Kompletter Erfahrungsbericht
Hallo ihr Lieben!
Ich habe ja ein Jahr in Amerika gelebt und bin dort auch mit der dortigen Musikszene in Kontakt gekommen. Amerikaner stehen ja weniger auf Vocal House und Trance; diese Genres sind ja eher in Deutschland oder Europa allgemein vertreten - nein, die Amerikaner hören zum Feiern ziemlich basslastigen elektronischen HipHop oder auch Crunk. Einer der bekanntesten Vertreter dieses Genres ist wohl das Duo LMFAO, über deren Debütalbum Party Rock ich heute berichten möchte.
LMFAO
LMFAO (der Bandname leitet sich vom Netzjargon für “Laughing My Fucking Ass Off” ab) ist ein Electro-Hop-Duo aus Los Angeles, Kalifornien. Die beiden Bandmitglieder sind Redfoo (Stefan Kendal Gordy) und Sky Blu (Skyler A. Gordy). Die beiden sind Cousins. LMFAO wurden 2009 bekannt, mit einem selbstproduzierten Remix von Kanye West’s Love Lockdown. Dieser wurde bereits am ersten Tag der Veröffentlichung 26.000 Mal von der Homepage des Duos heruntergeladen. Das Album Party Rock, das in den Staaten wenig später veröffentlicht wurde, erreichte Platz 1 der Dance-Charts und Platz 33 der Album-Charts.

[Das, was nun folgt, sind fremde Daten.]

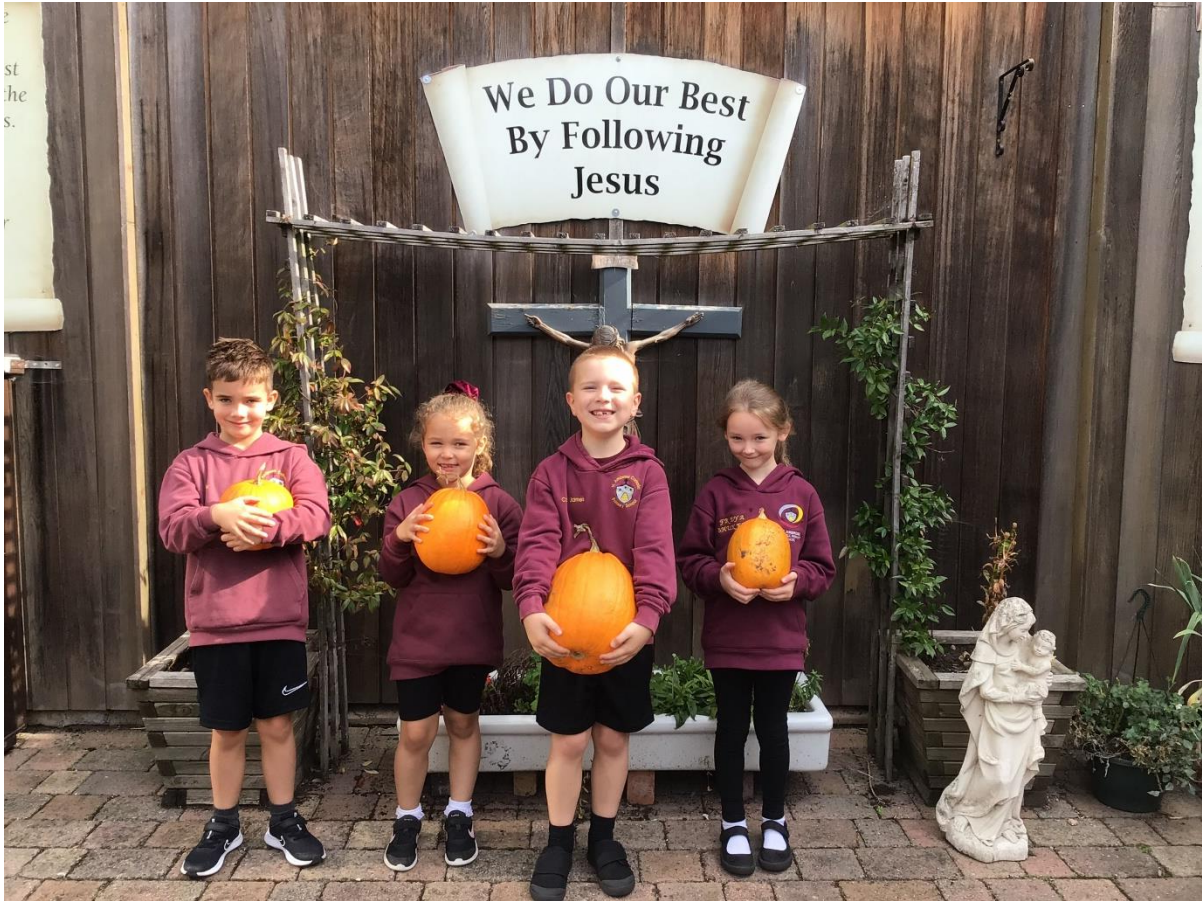
St Ambrose Gardening Club showcasing their home grown produce.

(Quelle: de.wikipedia.org)
Cover
Das Cover des Albums ist sehr auffällig. Da ich mir das Album auf iTunes besorgt habe, war das Albumcover nicht unbedingt der Kaufgrund, aber im Laden ist das Cover sicherlich ein Blickfang. LMFAO sind ja für ihre extravaganten Outfits (Neon-T-Shirts, große bunte Sonnenbrillen usw.) bekannt und so präsentieren sie sich auch auf dem Albumcover. Es werden Redfoo und Sky Blu gezeigt, wie sie gerade ein Bad auf den Händen der jubelnden Menge nehmen. Auf der oberen Hälfte des Covers ist im Graffiti-Style das Bandlogo hingezeichnet worden, daneben etwas kleiner der Titel des Albums, nämlich Party Rock.In der Ecke unten rechts findet sich noch der Hinweis für Eltern, dass die Texte “explicit” sind, aber darauf werde ich später im Bericht noch eingehen.
Preis und Erhältlichkeit
Zu kaufen ist Party Rock natürlich auf iTunes oder Musicload online. Freunden richtiger CDs kann man Amazon ans Herz legen, denn dadurch, dass LMFAO in Deutschland noch nicht so bekannt ist, wird man die CD wohl kaum im Laden bekommen. Preislich bewegt sich die CD zwischen 8€ und 15€.
Tracklist
1) Rock The Beat 2) I’m in Miami, Bitch (Explicit) 3) Get Crazy (Explicit) 4) Lil’ Hipster Girl 5) La La La 6) What Happens At The Party 7) Leaving You 4 The Groove 8) I Don’t Wanna Be (Explicit) 9) Shots (Explicit) 10) Bounce 11) I Shake, I Move (Explicit) 12) I Am Not A Whore (Explicit) 13) Yes (Explicit) 14) Scream My Name
Rezension
Im Folgenden werde ich euch jeden der Songs kurz vorstellen. Auf eine Punktwertung habe ich verzichtet, da das arg subjektiv ist und dem Verbraucher wohl kaum helfen wird. Meine eigene Meinung habe ich natürlich trotzdem einfließen lassen.
Rock The Beat
Der Opener von Party Rock ist zwar nur 54 Sekunden lang, aber doch ein gelungener Auftakt zum Album. LMFAO haben das Thema von Survivor’s “Eye Of The Tiger” mit verzerrten Bässen unterlegt. Das Duo nutzt den Opener auch, um sich dem Hörer vorzustellen. “We are LMFAO, rock the beat and rock the show, move the feet on to the flow...” Alles in allem ist der Opener schon einmal ein gelungener Start in das Album.
I’m In Miami Bitch
“I’m in Miami, Bitch” ist wohl der bekannteste Track von LMFAO in Deutschland, da er - sowohl im Original, als auch in zahlreichen Remixes - in unzähligen Clubs gespielt worden ist und auch immer noch wird. Der Track ist eigentlich relativ simpel - ein Hauptthema, das sich über den ganzen Song hinweg zieht, plus das trockene Statement “I’m in Miami bitch”. Im prüden, konservativen Amerika wurde der Song übrigens unter “I’m in Miami beach” veröffentlicht, um einer Kontroverse und möglichen Zensur vorzubeugen. Wie in den meisten Songs von LMFAO geht es um die “schönen Dinge des Lebens”, Party, Alkohol und Sex. “Drink all day, play all night, let’s get it popping, I’m in Miami Bitch” oder “I got a plan with yourself, let’s play naked twister, back in my hotel”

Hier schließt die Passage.